- EXERCISE DETAILS
Below, some lines carry pictures; leave those pictures out and retype exactly the lines from the one with "Hand Drawn Speech Bubble And" through the one with "What makes Lake".

- DATA SECTION
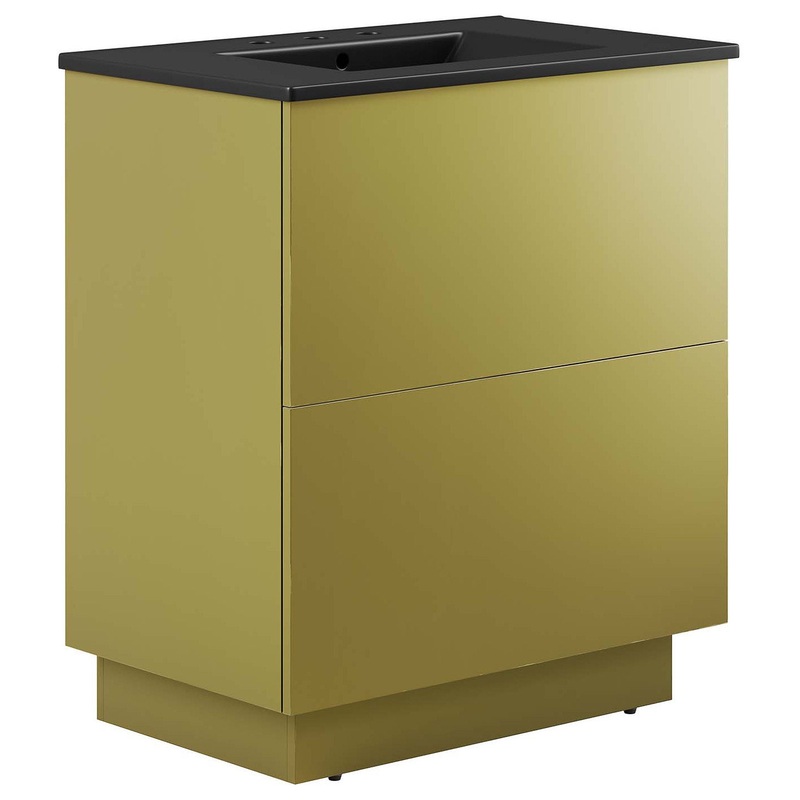 Experience a harmonious blend of luxury and practicality with the Quantum 30" Bathroom Vanity. This modern bathroom vanity features a sleek ceramic sink basin with 8" centerset holes and integrated countertop, awaiting your personalized fixture choices (no
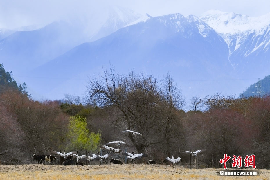 3月30日,在西藏林芝市巴宜區(qū)更章門巴民族鄉(xiāng),黑頸鶴與周邊的村莊、桃花、雪山融為一體,成為春日里的一道靚麗的風景線。圖為黑頸鶴在田間覓食嬉戲。中新社記者 貢嘎來松 攝
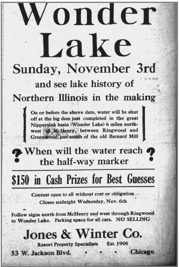 In February 1929 it was announced that the company of Jones & Winter would be building a giant man-made lake. When finished it would be the second largest lake in Northern Illinois. Jones & Winter was a company from Chicago, that specialized in summer resorts. They announced the name of the development would be Wonder Lake. The lake would offer the best place for water activities, such as boating, swimming, and fishing. They would also develop land for summer and year-round residences. However, what would be so impressive about the lake would be its size, as nothing like this had been done in the Mid-West.
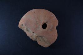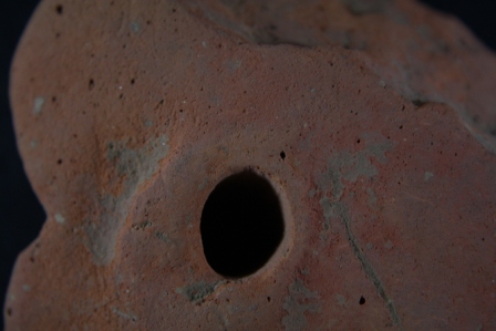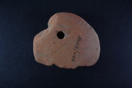 Broken from margin. Surface is rough and flaked.
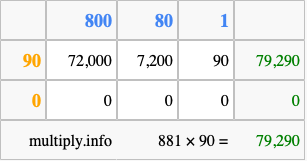 Below is an illustration showing you how to calculate 881 times 90 using the box method, using the instructions above.
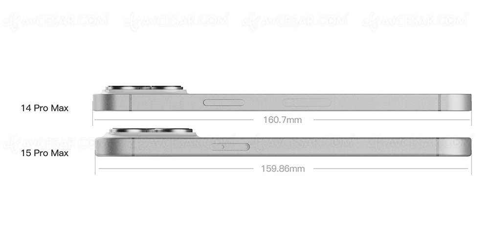 AsÃ, en la mano, el iPhone 15 Pro Max será un 5% más grueso, pero el módulo de la cámara destacará mucho menos, reduciendo el grosor efectivo. Tenga en cuenta que en los diagramas técnicos desenterrados por IceUniverse, podemos ver los nuevos bordes ligeramente redondeados y la ausencia de botones, ya mencionados en rumores anteriores.
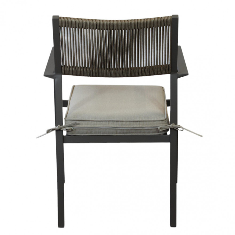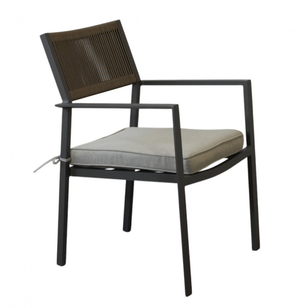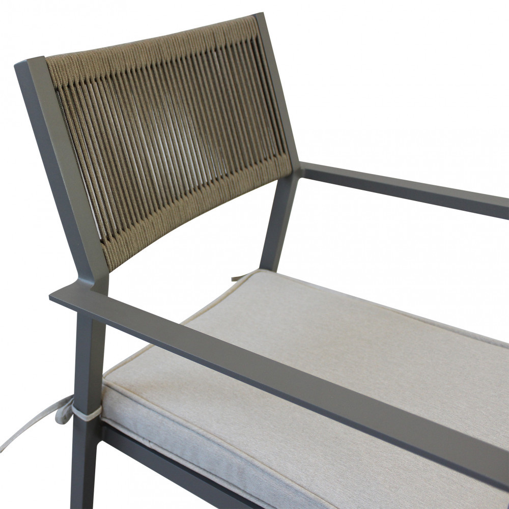 Poltrona da giardino MARACAY taupe con braccioli impilabile, struttura in alluminio, con cuscino incluso, ideale per tutti gli spazi esterni
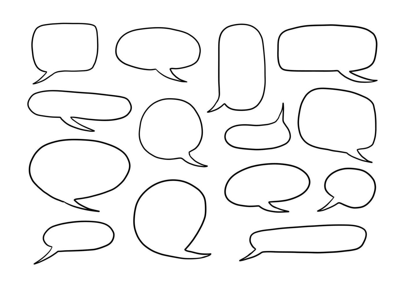 Hand Drawn Speech Bubble And Text Frame. A playful collection of 14 hand drawn speech bubbles and text frames in various styles including round square oval. Perfect for comics dialogue captions Pro Vector
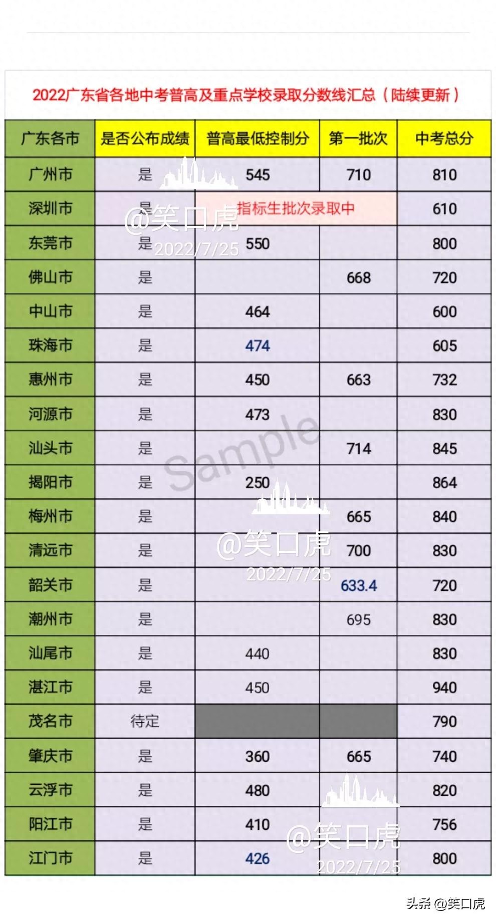 截止7月25日,广东省内中考成绩仅茂名地区还在等官方公布,湛江已公布普通高中各批次录取分数线,深圳明天公布正取生第一批次录取分数线,更多敬请期待后面的更新!
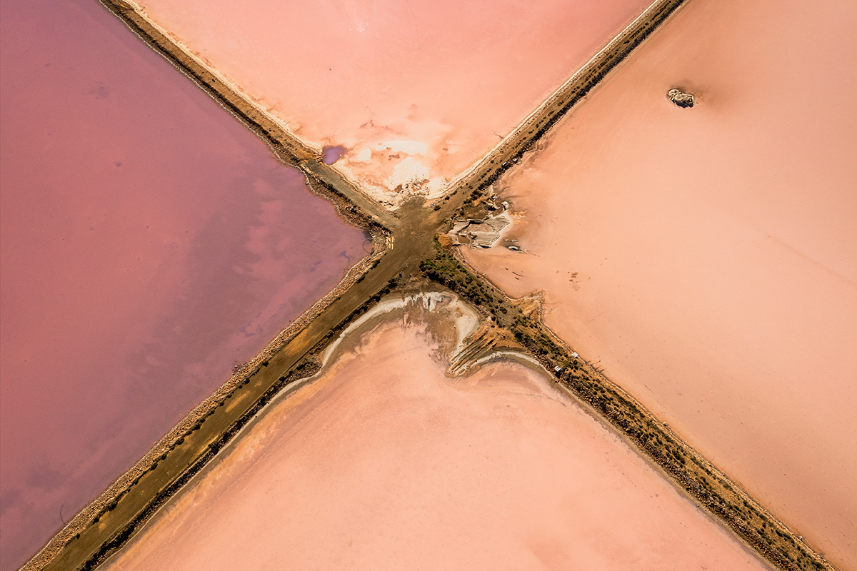 What makes Lake Bumbunga so addictive for abstract aerial photography is the natural geometry. As the lake shallows, dries, and refills, it creates clean blocks of colour, sharp edges, and marbled textures—like a giant, living canvas. From the air, you get these minimal, graphic compositions: pink plates, white salt crust, dark seams, and long straight lines where the landscape and salt fields meet.
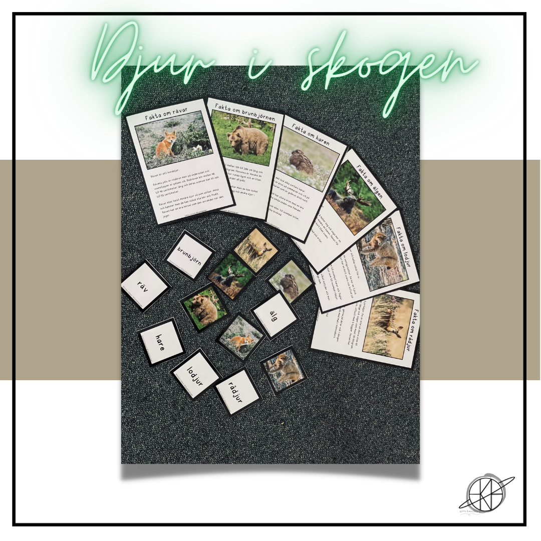 Materialet kan användas som det är eller tillsammans med ”Min bok om djur och natur”, i kapitlet ”Djur i skogen” tas samma djur upp och samma bilder används.

- WORKED SOLUTION
 Hand Drawn Speech Bubble And Text Frame. A playful collection of 14 hand drawn speech bubbles and text frames in various styles including round square oval. Perfect for comics dialogue captions Pro Vector
 截止7月25日,广东省内中考成绩仅茂名地区还在等官方公布,湛江已公布普通高中各批次录取分数线,深圳明天公布正取生第一批次录取分数线,更多敬请期待后面的更新!
 What makes Lake Bumbunga so addictive for abstract aerial photography is the natural geometry. As the lake shallows, dries, and refills, it creates clean blocks of colour, sharp edges, and marbled textures—like a giant, living canvas. From the air, you get these minimal, graphic compositions: pink plates, white salt crust, dark seams, and long straight lines where the landscape and salt fields meet.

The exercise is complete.